START Supplied records

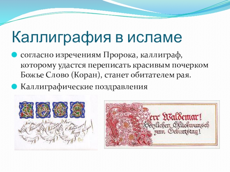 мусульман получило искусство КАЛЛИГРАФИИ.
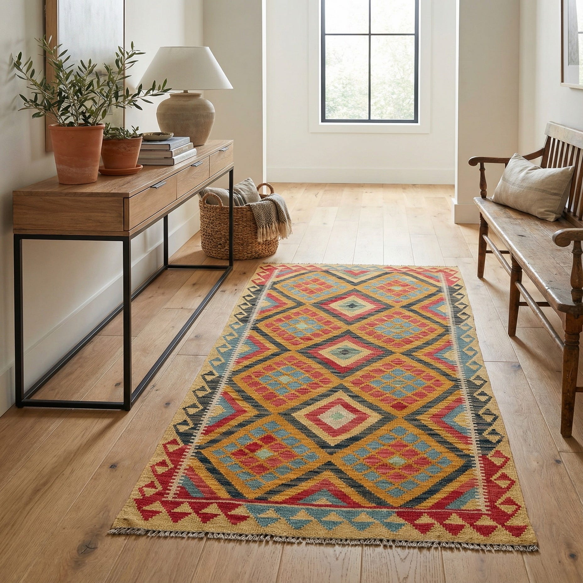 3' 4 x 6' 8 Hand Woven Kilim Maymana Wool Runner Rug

END Supplied records
START Supplied records

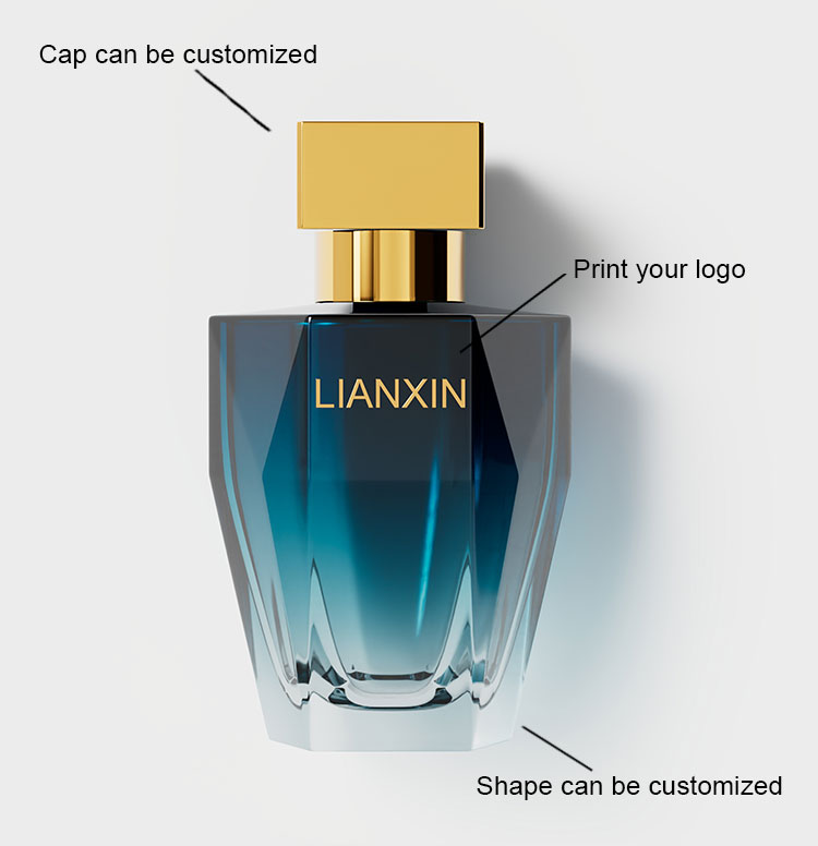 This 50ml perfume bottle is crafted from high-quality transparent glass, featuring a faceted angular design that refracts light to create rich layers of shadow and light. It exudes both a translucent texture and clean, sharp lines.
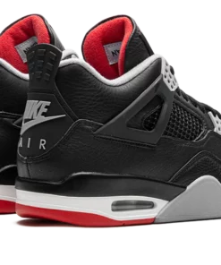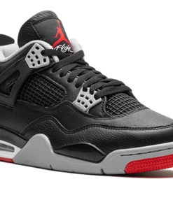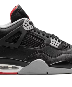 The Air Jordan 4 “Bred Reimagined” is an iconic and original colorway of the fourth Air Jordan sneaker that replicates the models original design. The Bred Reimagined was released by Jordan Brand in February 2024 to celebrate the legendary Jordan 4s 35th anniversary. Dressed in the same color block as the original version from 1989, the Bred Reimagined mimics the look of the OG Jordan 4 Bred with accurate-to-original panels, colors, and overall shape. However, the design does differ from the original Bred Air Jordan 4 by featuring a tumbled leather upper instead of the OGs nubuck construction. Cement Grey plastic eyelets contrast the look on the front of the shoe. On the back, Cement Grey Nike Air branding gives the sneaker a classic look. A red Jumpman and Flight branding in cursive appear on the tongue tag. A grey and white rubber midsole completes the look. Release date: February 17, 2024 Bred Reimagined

END Supplied records
START Supplied records

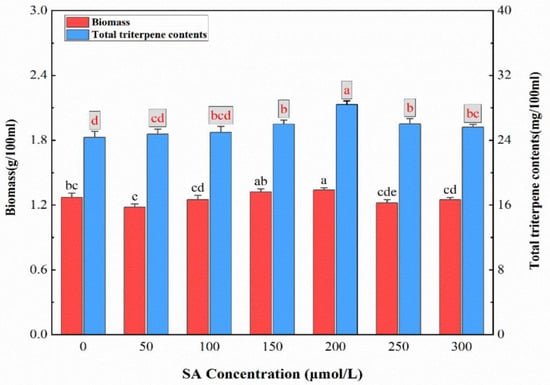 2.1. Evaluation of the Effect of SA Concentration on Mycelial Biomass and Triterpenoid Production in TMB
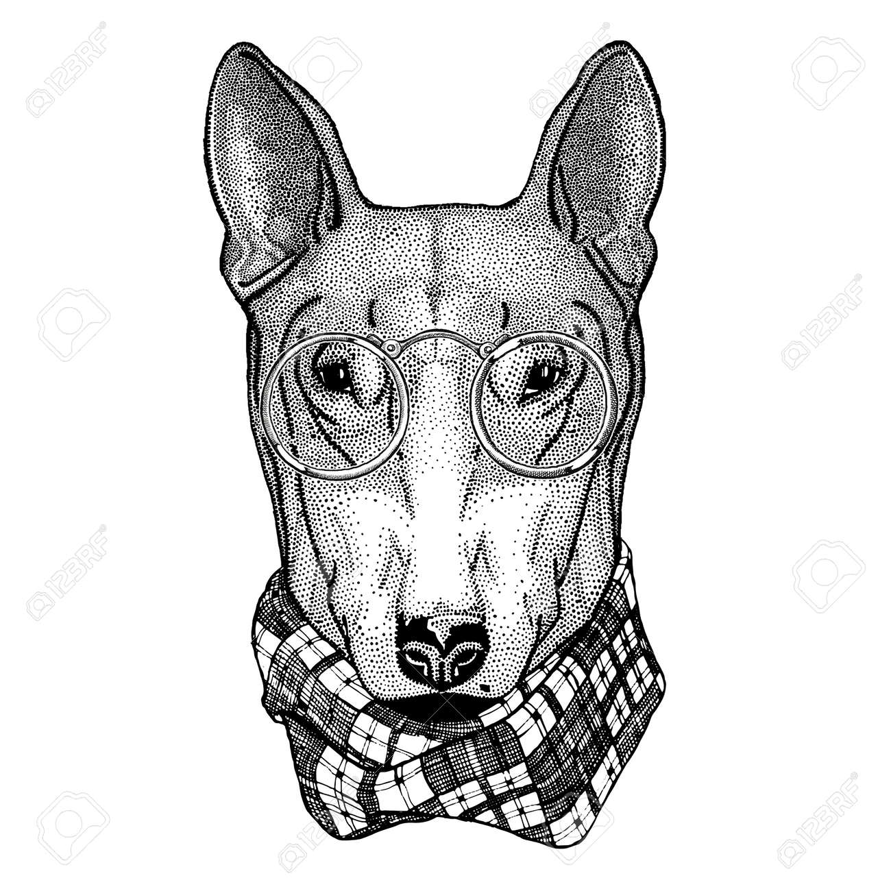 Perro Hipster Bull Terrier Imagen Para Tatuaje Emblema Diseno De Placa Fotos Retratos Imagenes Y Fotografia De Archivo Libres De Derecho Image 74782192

END Supplied records

▸ Problem statement: With the pictures omitted, restate word for word the lines above from the line that has "мусульман получило искусство КАЛЛИГРАФИИ." up to and including the line that has "3' 4 x 6' 8", and no other lines.

▸ Result for this task:
 мусульман получило искусство КАЛЛИГРАФИИ.
 3' 4 x 6' 8 Hand Woven Kilim Maymana Wool Runner Rug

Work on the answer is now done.